Wednesday, September 04, 2019

Flair Injures Wahoo: Eye Witness Account of the Famous "Table Leg" Match

Editor's note: We recently received a nice message on Facebook from a fellow who was at the match in Charlotte in 1976 where Ric Flair hit Wahoo McDaniel over the eye with a broken table leg and won the Mid-Atlantic Heavyweight championship. Even though Flair worked the shot, he was not aware that a nail was sticking out of the wooden leg, and that nail nearly gashed out Wahoo McDaniel's eye.

The account of this match in "The Mid-Atlantic Heavyweight Championship" leaves out some key details of how this all came about which, thanks to the excellent memory of Chip Stokes, is laid out in great detail here.

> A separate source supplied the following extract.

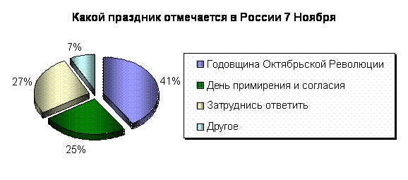 Согласно полученным данным только четверть нижегородцев знает, что 7 ноября – это День примирения и согласия, 41% горожан по-прежнему считают, что в этот день россияне отмечают праздник годовщины Великой Октябрьской Социалистической Революции. Интересно отметить, что 32% опрошенных нижегородцев вообще не знают, что это за праздник (27% затруднились ответить, а 7% назвали такие праздники как День конституции, День независимости, День труда и др.).

I asked Chip to send me as detailed a report from that match as possible, considering it took place 44 years ago. I wanted to post those details I didn't have for the book.
One day I'll update the text of the book to include this information, but for the time being we'll let Chip fill you in himself. -DB

The Charlotte Table Leg Match
Ric Flair vs. Wahoo McDaniel
May 24, 1976 - Charlotte Coliseum
by Chip Stokes
Special to the Mid-Atlantic Gateway

I was about 15 years old in 1976, born and raised in Charlotte.  I would drag my dad to the matches on occasion, at the Park Center or the big cards in the old Charlotte Coliseum.  This card was a double main event, with Ric and Wahoo first and Dusty Rhodes making a special appearance to challenge Blackjack Mulligan for the U.S. Title in the final match.

My vantage point:  Looking down on the ring like a football field, we were sitting just right of center field in the Mezzanine seats.  To the right of the ring, the side we were favoring, was the heavy wooden ring side table that would come into play at the end of the match.  Tommy Young was the referee.  So we faced the ring, the table to the right of the ring, from our view.

To this day, I still do not know who was supposed to win the match.  I think they immediately when to the finish when Wahoo was hurt.  Here is how we viewed it.

Tommy Young took a ref bump to the LEFT side of the ring, opposite the table.  He flew out – cannot remember who hit him – and he was out for the ending.  Ric and Wahoo went out of the ring to the RIGHT, side of the wooden table.  I think Ric threw Wahoo out, not sure, cannot remember that clearly.

Ric picked up the heavy wooden table, upside down over this head, table legs up in the air, and brought it down on Wahoo’s head.  Wahoo raised his hands to block the contact, but still sold it and went down hard.  I assume he probably bladed from that impact, I don’t know.  While Wahoo was down on the concrete floor, Ric dropped the wooden table upside down on the floor, table legs up.  Then Ric grabbed a leg and began trying to break it loose from the table.  We could see him pushing and pulling on the leg, trying to break it lose.

Finally Ric broke the heavy wooden table leg loose, about the time that Wahoo got back on his feet.  Ric then brought the table leg down on Wahoo’s head, holding the end of the leg, with the heavier portion that was nailed to the body/frame of the table coming into contact with Wahoo.  Wahoo again had his hands up to protect from the blow, and I am sure Ric pulled the swing correctly not to make real contact, but as everyone knows now, although Ric did not in that moment, the leg had a nail sticking out, a nail from where Ric broke the leg off the table.  So while Ric pulled the blow and Wahoo was protecting himself, the nail ripped into Wahoo’s head violently.

Wahoo went down again and began bleeding profusely on the concrete floor.  I think Ric saw this and immediately knew Wahoo was really hurt.  Ric rolled Wahoo into the ring and immediately, Wahoo's blood making a puddle around his head, flat on the mat. Wahoo wasn't moving.  Ric then literally ran to the other side of the ring where Tommy was just crawling back into the ring. Ric virtually picked Tommy up and carried him across the ring, so that he could make the count when he quickly pinned Wahoo. Ric then grabbed the old Eastern States belt and ran from the ring, I believe to quickly clear the way for medial personnel to come help Wahoo.

The blood on the mat just spread out.  They took Wahoo out via stretcher – for real this time – and his injury, and the stitches to close it, were reported on the next day in the Charlotte Observer.

In a subsequent month’s edition of the Mid-Atlantic magazine, they showed a picture of Dusty in the ring just prior to his bout with Blackjack.  At Dusty’s feet is the bloody puddle from Wahoo minutes earlier.

That's my memory from 43 years ago.  The greatest match I ever saw, between Ric and Wahoo over the Mid-Atlantic Heavyweight championship.  And the most dramatic ending.